Adam Sypniewski: That's also a really good question. And you're right, it's very important. What I tended to find works really well is to make sure that they are focused on things they love. If you're not focused on things you love, it's much easier to get burnt out. If you can focus on things you do enjoy, then oftentimes burnout comes down the line once those first few weeks or whatever start to wear off. So making sure that they're excited about what they're working on. And ask them during those weekly touch points, those 5, 10, 15 minute touch points, "Do you like what you're working on? Is there something else you want to work on? What is the next project you want to work on after this?" Always being aware of their emotional temperature, what they're passionate about, and making sure that you can give them that time.

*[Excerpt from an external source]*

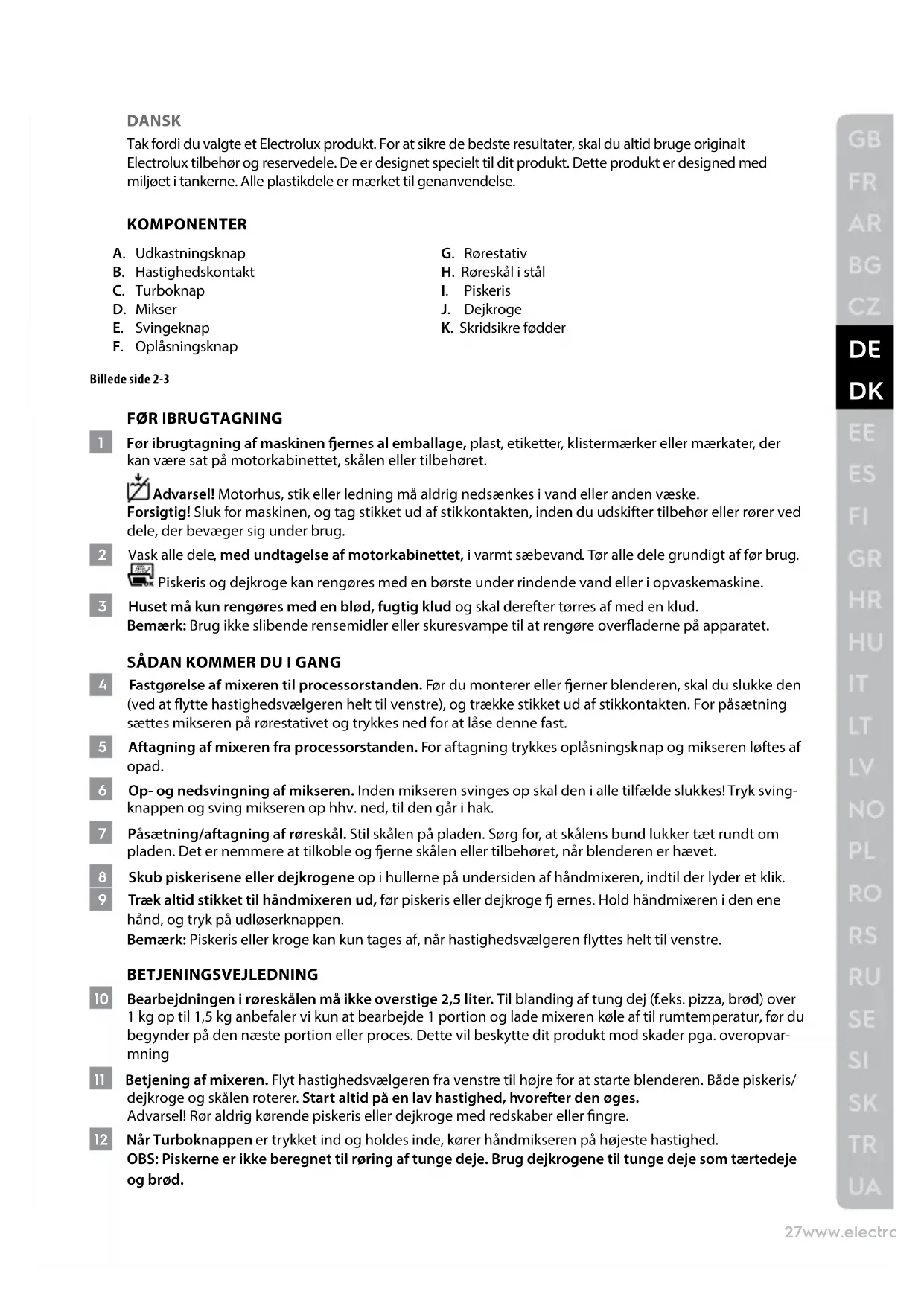 4 Fastgørelse af mixeren til processorstanden. Før du monterer eller erner blenderen, skal du slukke den (ved at ytte hastighedsvælgeren helt til venstre), og trække stikket ud af stikkontakten. For påsætning sættes mikseren på rørestativet og trykkes ned for at låse denne fast. 5 Aftagning af mixeren fra processorstanden. For aftagning trykkes oplåsningsknap og mikseren løftes af opad. 6 Op- og nedsvingning af mikseren. Inden mikseren svinges op skal den i alle tilfælde slukkes! Tryk sving- knappen og sving mikseren op hhv. ned, til den går i hak. 7 Påsætning/aftagning af røreskål. Stil skålen på pladen. Sørg for, at skålens bund lukker tæt rundt om pladen. Det er nemmere at tilkoble og erne skålen eller tilbehøret, når blenderen er hævet. 8 Skub piskerisene eller dejkrogene op i hullerne på undersiden af håndmixeren, indtil der lyder et klik. 9 Træk altid stikket til håndmixeren ud, før piskeris eller dejkroge ernes. Hold håndmixeren i den ene hånd, og tryk på udløserknappen. Bemærk: Piskeris eller kroge kan kun tages af, når hastighedsvælgeren yttes helt til venstre. BETJENINGSVEJLEDNING 10 Bearbejdningen i røreskålen må ikke overstige 2,5 liter. Til blanding af tung dej (f.eks. pizza, brød) over 1 kg op til 1,5 kg anbefaler vi kun at bearbejde 1 portion og lade mixeren køle af til rumtemperatur, før du begynder på den næste portion eller proces. Dette vil beskytte dit produkt mod skader pga. overopvar- mning 11 Betjening af mixeren. Flyt hastighedsvælgeren fra venstre til højre for at starte blenderen. Både piskeris/ dejkroge og skålen roterer. Start altid på en lav hastighed, hvorefter den øges. Advarsel! Rør aldrig kørende piskeris eller dejkroge med redskaber eller ngre. 12 Når Turboknappen er trykket ind og holdes inde, kører håndmikseren på højeste hastighed. OBS: Piskerne er ikke beregnet til røring af tunge deje. Brug dejkrogene til tunge deje som tærtedeje og brød.28www.electrolux.com

The other one is be incredibly flexible, allowing them rather to be incredibly flexible with their time. So at Deepgram, we have an unlimited PTO policy. This is sometimes controversial in the industry. People will say like, "Oh, I don't know how much I'm allowed to take." It's awkward conversation. We try very carefully to encourage it to be a very open conversation or to even encourage people to take PTO, like, "Wow, you guys did a great job. Why don't you to take the rest of the week off?" Or if people will just say, "Hey, I've done a lot of work. I just need to take a break." Great, no problem. So being very supportive of that, letting people be open and express when they are starting to feel stressed and immediately letting them be able to vent that or get that out of their system by being able to take time away is good.

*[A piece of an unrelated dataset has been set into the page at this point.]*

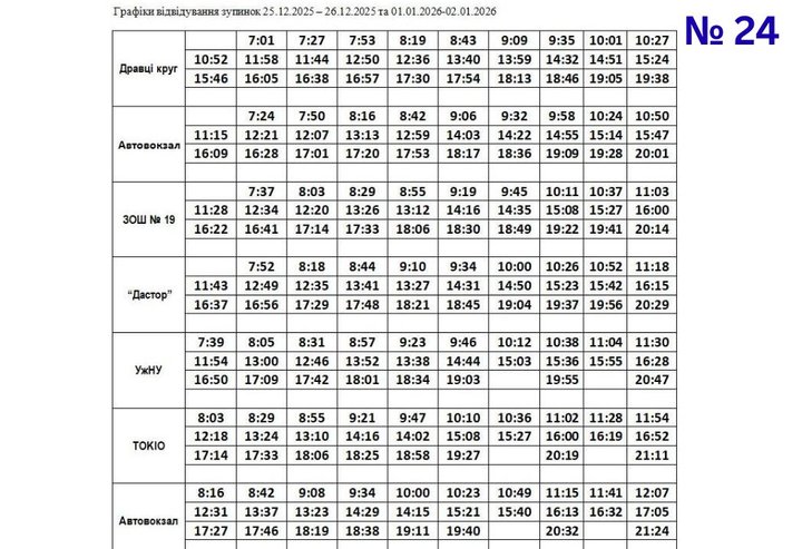 Графік маршруту №24 на 25-26 грудня та 1-2 січня. Ужгородська міська рада

At Deepgram, we also operate in a number of time zones around the world. And so we're already kind of aware that some people are available at certain times and not at others, which means honestly that if you want as an engineer to work three hours in the morning and then take a nice long three hour lunch, go for a walk, play with the dog, come back, work later into the evening or however you want to organize your life, that's okay. Don't have this strong expectation that people must always be around at every time. Let them find their times. That will also help them naturally keep their stress levels lower because they don't feel like they have to get everything done in this wall of time in front of them every day.

Shane Hastie: Obviously, the last year and a half, we've all been remote. Is Deepgram a consciously and deliberately remote environment?

Being a remote-first organisation [15:22]

Adam Sypniewski: Deepgram has been since it's very beginning. I'm actually Deepgram's first employee. And our co-founder was in San Francisco and I stayed in Ann Arbor, Michigan, and that was fine. Right from the beginning, we had that separation. For a while, we tended to hire up in San Francisco and slowly we had people move out of San Francisco or we hired one or two people remotely. But really from the beginning we've had an attitude of, "Good people are all over the place. Let's find the good people, the people with passion who want to work on this wherever they might be."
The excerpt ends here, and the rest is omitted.